Good Friday is a big day. This is the day when we basically, die a bit by really keeping a holy day through prayers, reflections, atonement, fasting and abstinence and stopping all worldly affairs. This is also the day when we get to see a reenactment of the passion of Christ in flesh form—real people trying to relive the passion, the betrayal—Judas’ kiss, the Pontius Pilate act, the carrying of the cross, the crucifixion. We also reflect on the seven last words of Christ on the cross. It was definitely a life-altering tradition. At three in the afternoon on Good Friday, the time when Christ supposedly died on the cross, we go to the beach and wash off ourselves in the sea—with the belief that as we do that we cleanse ourselves of all our sins.

On the other hand, tales of witches and black magicians renewing their powers on Good Friday hover around, creating an aura of eerie, empty, godless, sorrowful, almost black Friday. I remember seeing all crucifixes in the church being covered by a purple or maroon piece of cloth and that makes the day even gloomier.

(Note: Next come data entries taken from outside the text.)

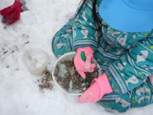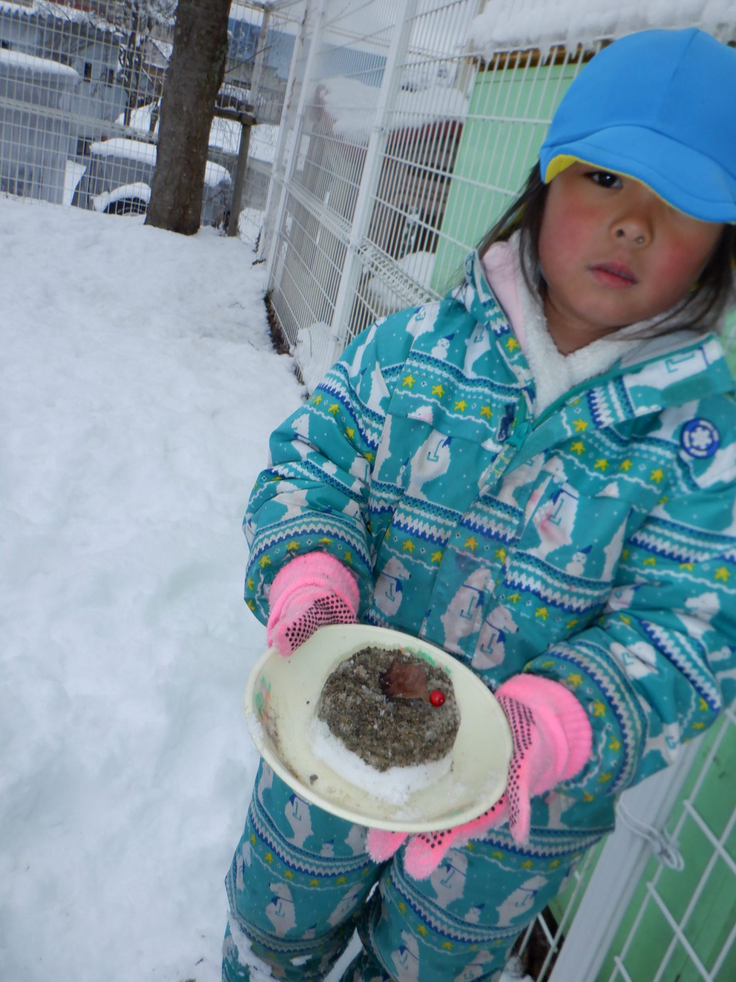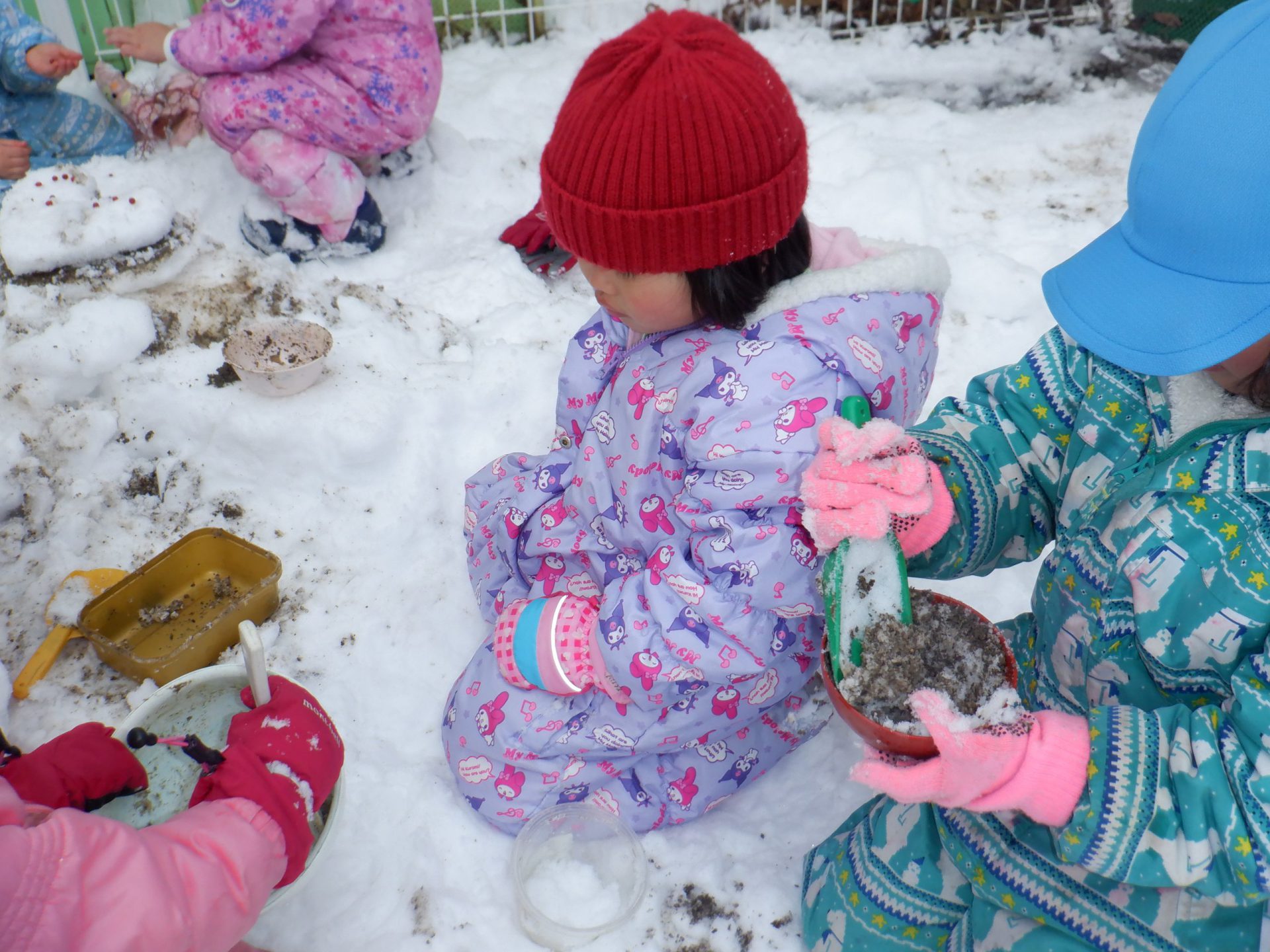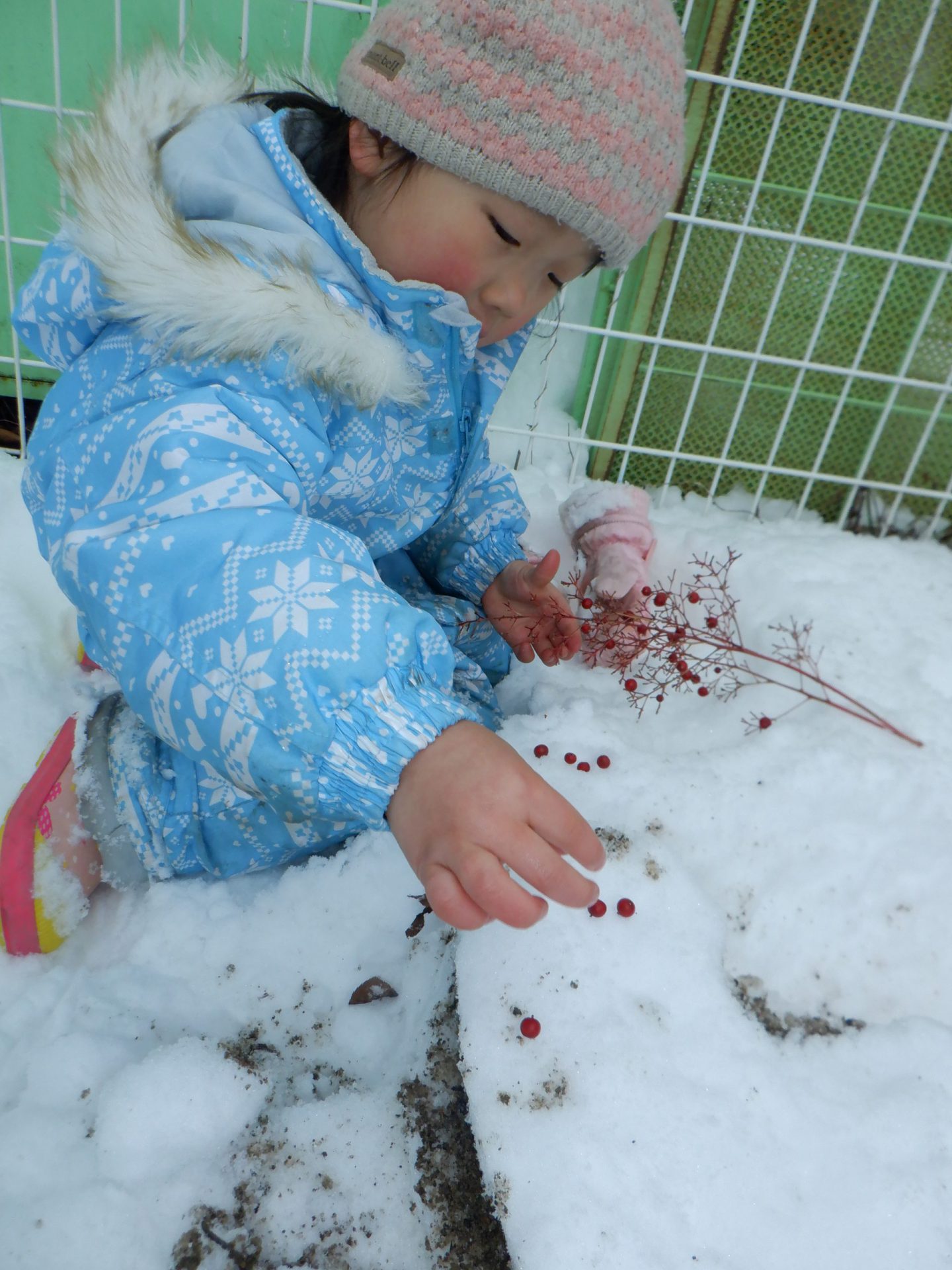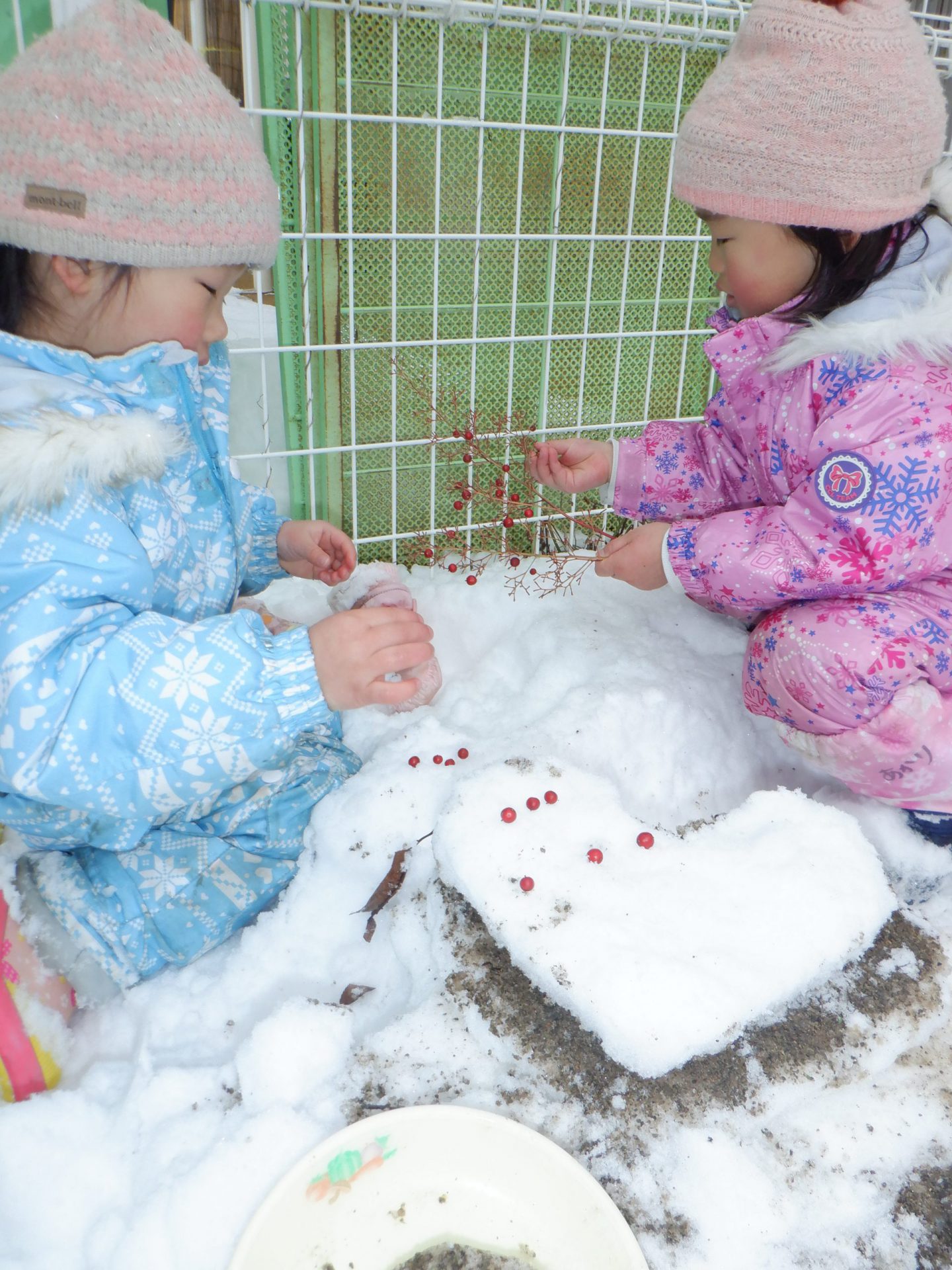 ほかの場所では、保育士に表面だけ固まった雪をハートの形に取ってもらうと「もういっこ、もういっこ。」と催促し、積み重ねて遊んでいました。その子どもたちもケーキ作りの仲間に入ってきました。南天の小さい粒は手が冷たくても手袋を外して飾ります。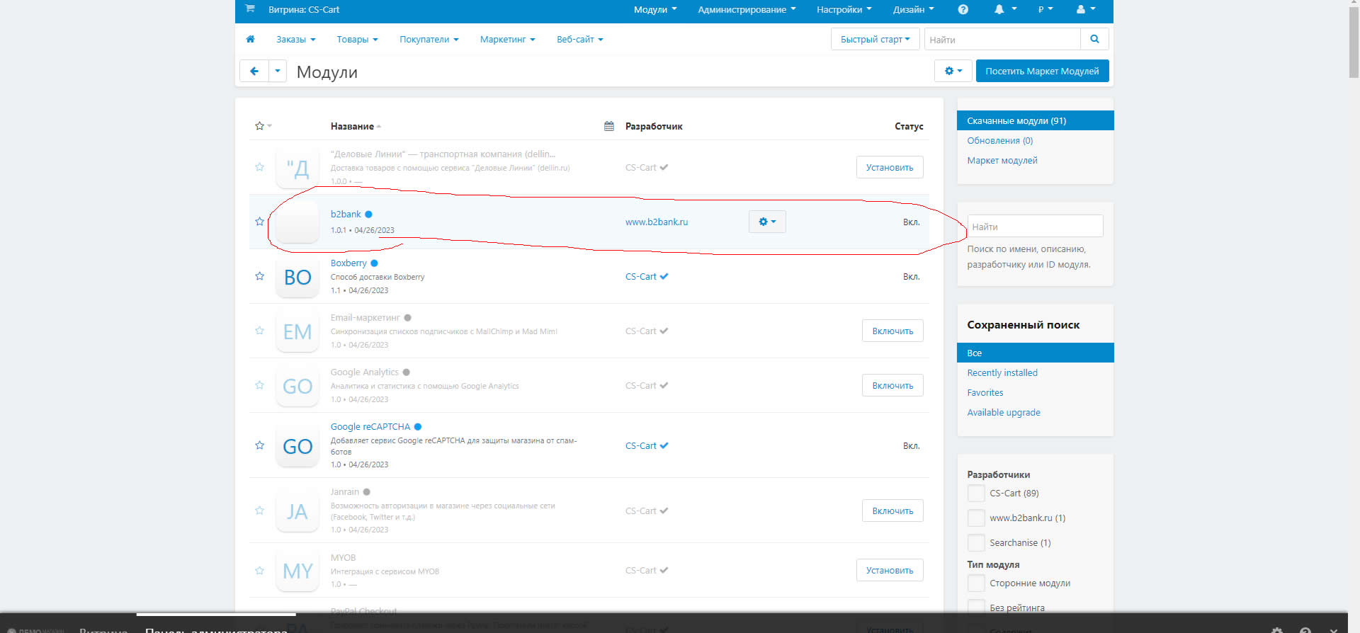 Интеграция B2B CMS Cs-Cart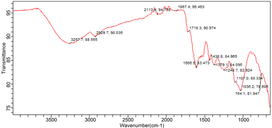Figure 6. Infra-Red (IR) Spectrum of Rothmannia whitfieldii fruit dry powder.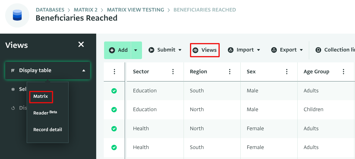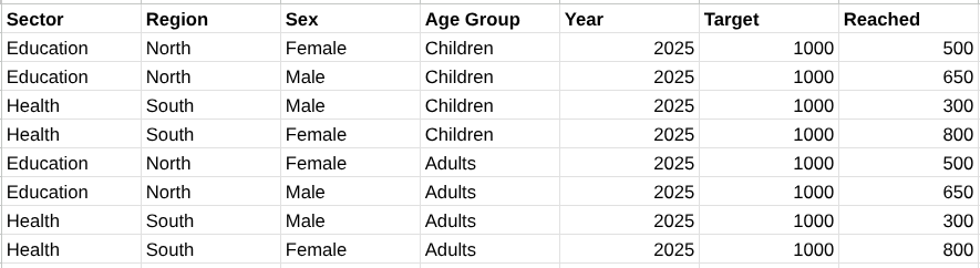 The Matrix View is designed to make working with highly disaggregated indicator data both efficient and reliable. By transforming long-format records into an interactive, pivot-table-style interface, it allows users to enter, review, and validate large volumes of data in a way that closely matches how results are typically reported and reviewed.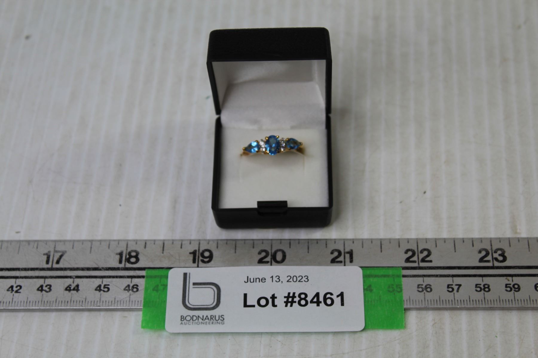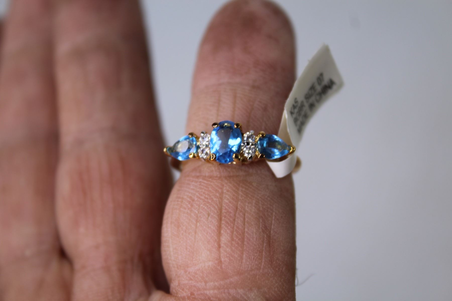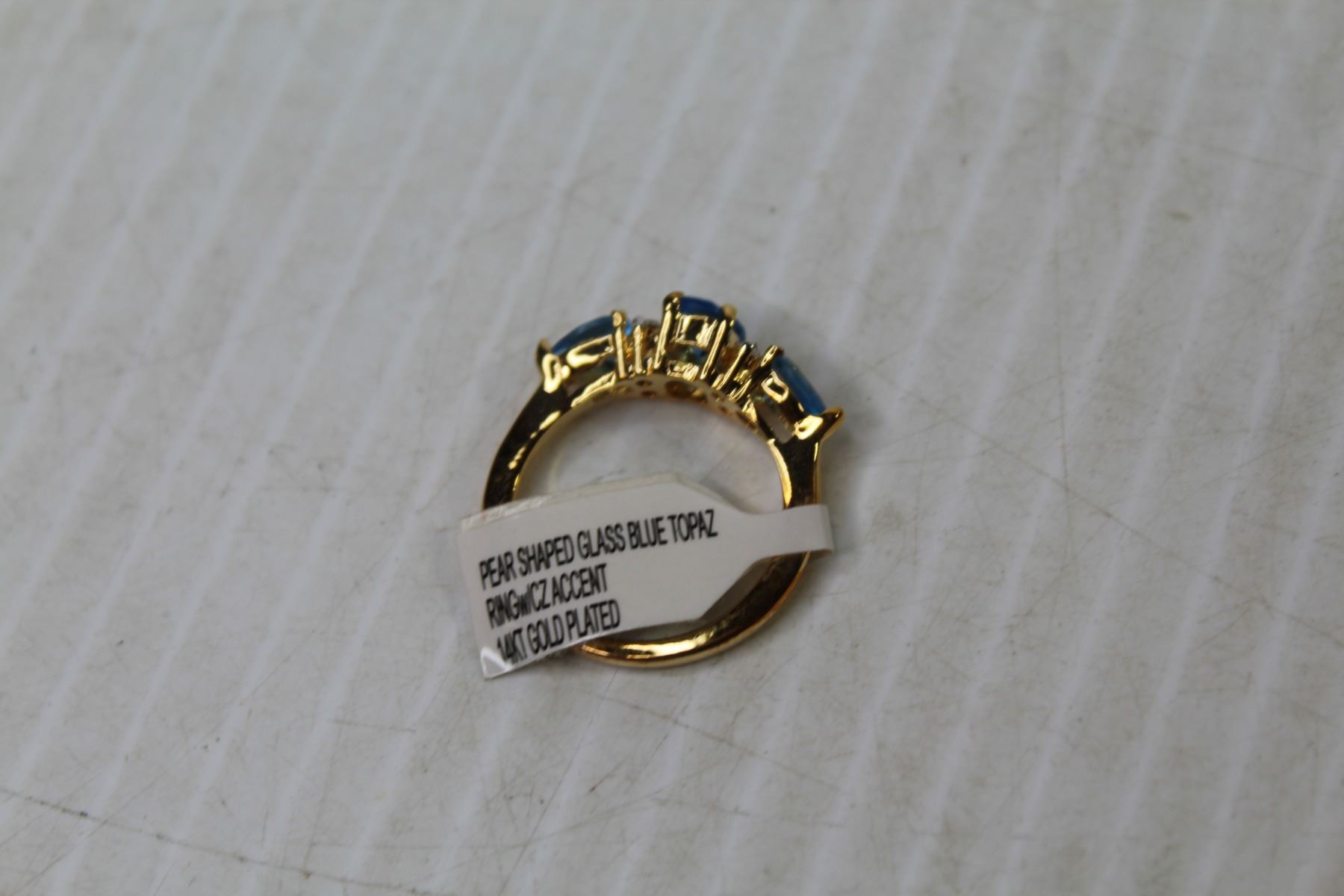 14k Gold Plated Ring - Pear Shape Blue Glass Topaz (size 7)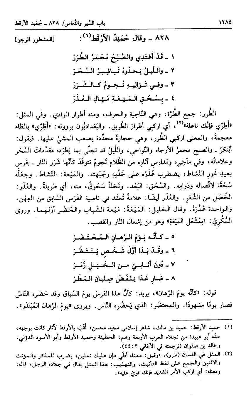 الطرر: جمع الطرة، وهي الناحية والحرف، ومنه أطرار الوادي. وفي المثل: " أطري فإنك ناعلة "، أي أركبي أطرار الطريق. والبغداديون يروونه: " أظري " بالظاء معجمةً، والمعنى أركبي الظرر، وهي حجارةٌ محددة يصعب المشي عليها. فيقول: أبتكر - والصبح محمرٌ الأرجاء والنواحي، والليل قد تجلى بما يطرده مقدمات السحر وعلاماته، وفي مآخيره ومدارس آثاره من الظلام نجومٌ تتوقد كأنها شرر النار - بفرسٍبعيد غور النشاط، يضطرب عذره على خديه وجبهته. والميعة: النشاط. وجعله سحقاً لاتصاله ودوامه. والسحق: البعد. ونخلةٌ سحوقٌ، منه، أي طويلةٌ. والعذر: الخصل من الشعر. والعذر أيضاً: علامةٌ تعقد في ناصية الفرس السابق من العهن، والواحدة عذرةٌ. وقال الخليل: الميعة: ميعة الشباب والحضرأولهما. وروى السكري: " بمشعل الميعة " وهو من إشعال النار والقصب.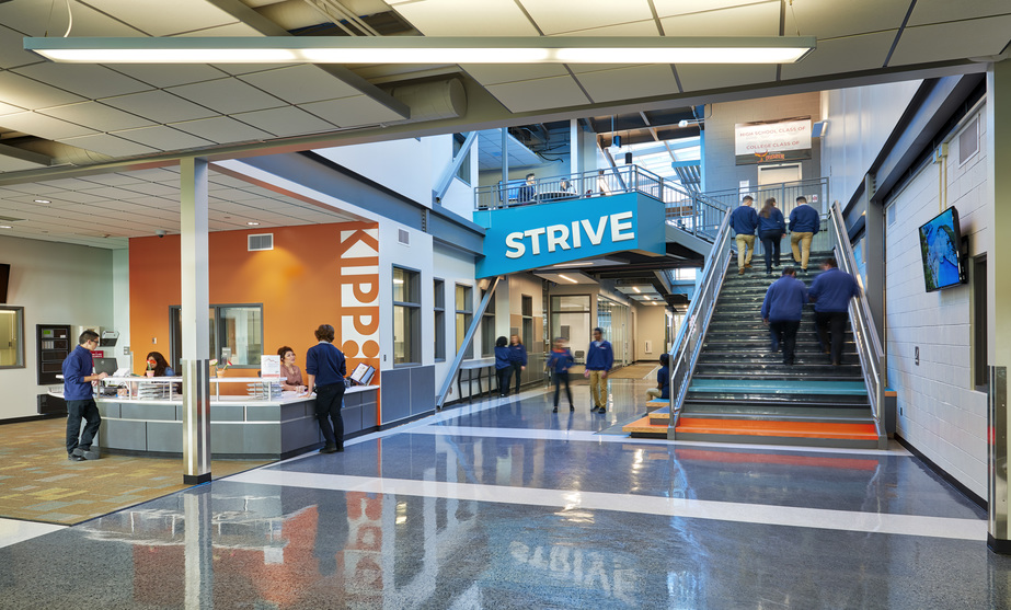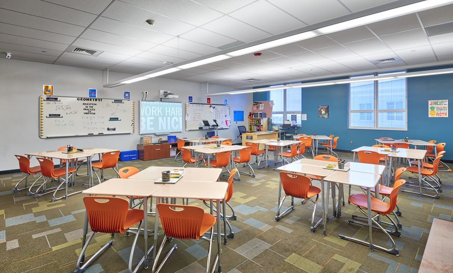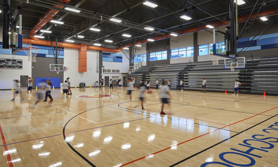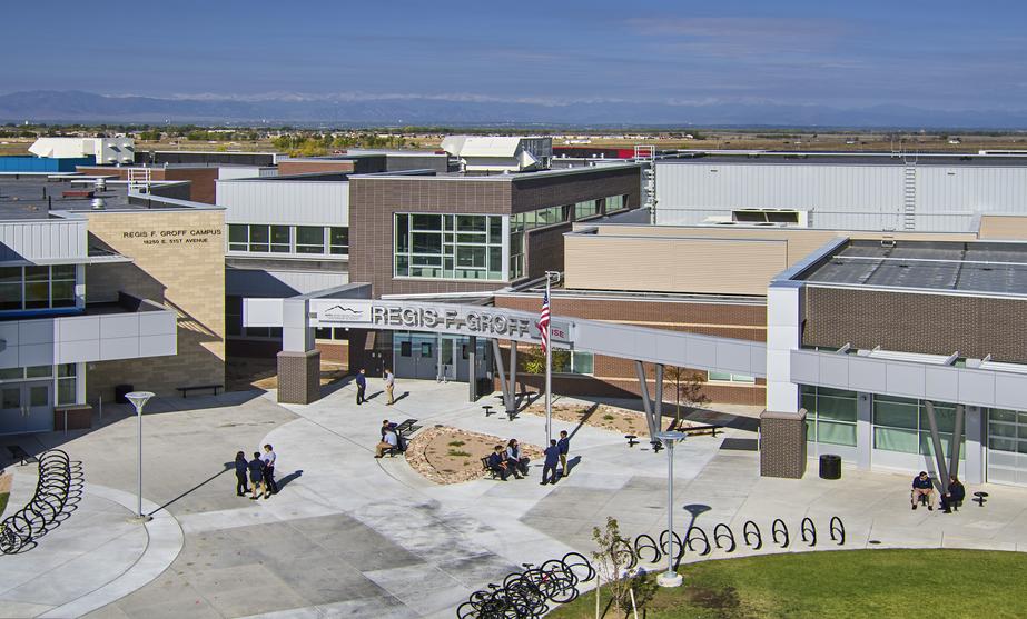 DPS awarded Phase Two of the Regis F. Groff Campus to the Swinerton-Eidos team due to their successful delivery of Phase One (KIPP) that completed 22 days early with zero added costs. The Swinerton-Eidos team continued their partnership with DPS on the second phase known as Strive Prep Rise High School. Phase two scope of work included a 73,000-square-foot addition that was also delivered utilizing the design-build method. The addition includes two, two-story classroom wings, a two-story community/administrative wing, and a 10,000-square-foot-performance/lecture hall that was tied into the existing Phase 1 building (KIPP) while it was operational. All work was completed on a tight site, occupied campus and was adjacent to another DPS active campus Evie Garrett Dennis Campus. Additional work included a sizable site work package included the civil infrastructure leading to the campus including the construction of new roads and utilities to access and supply the property. Swinerton completed Phase II design and construction in 13 months; one month early and under budget.

Black Saturday is less holy because then some people will try to return to their daily chores and routines—their casual lives. Except that at night time, we also join another event which we call as Visita Iglesia or church visit. It is carried out by a bunch of people who visit one church after another and saying prayers typically in the form of the Stations of the Cross. But the highlight of the day is the blessing of the new fire. This basically pre-empts the celebration of Christ’s victory from sin which is celebrated on Easter Sunday—the Resurrection.

Easter Sunday comes with a bang. We wake up very early on Sunday morning and witness a glorious celebration of Christ’s resurrection. Typically a float filled with fresh white flowers with a statue of the risen Christ is paraded around the church while in the background we would hear the angelic choir, singing songs of praise and hallelujah. The one practice that still baffles me today but has some kind of entertainment value is the way they project Judas on Easter Sunday. A Judas dummy is hanged on a tree and burned while church goers are happily witnessing every minute of it until there’s none left of Judas.

Easter Sunday is like the grand finale to a season long celebration of the passion, the death, and the resurrection of Christ our Lord for all of us Catholics. Other Christian churches have a different way of celebrating the Lenten season, but most of us in the Christian world agree that the resurrection of Christ is the one true manifestation of God’s glory, thus making His death more meaningful, for we are saved not by our actions but by God’s grace through dying on the cross.

I also look forward to the Easter Sunday homily which in great detail magnifies and glorifies God’s victory over sin. You may doubt it, but in my heart of heart, that’s what I believe—and none of you can take that away from me.

Anyways, now I am twenty thousand miles away, and instead of going to church on Good Friday, here I am in front of my computer, hopelessly wishing that I was back home celebrating the season with my family and neighbors.

And come Easter Sunday, there’s no salvation for me, because the place where I am now is too blind sighted by the world’s commercialism. I even question why, the celebration of Christ’s resurrection is merely reduced to a futile and meaningless search of fake colored eggs, scantily hidden in bushes as little children and adults as well, excitedly search through corners leaving no stones unturned to find the Easter eggs, left by—the Easter bunny?

Somehow, I just couldn’t connect that in my head. It’s too shallow. This depicts how humanity is wasted away as time goes by, shifting its ways from life’s deeper spiritual practices to the nasty and ugly world of materialism and commercialism.

What’s left of us? I don’t know. You tell me.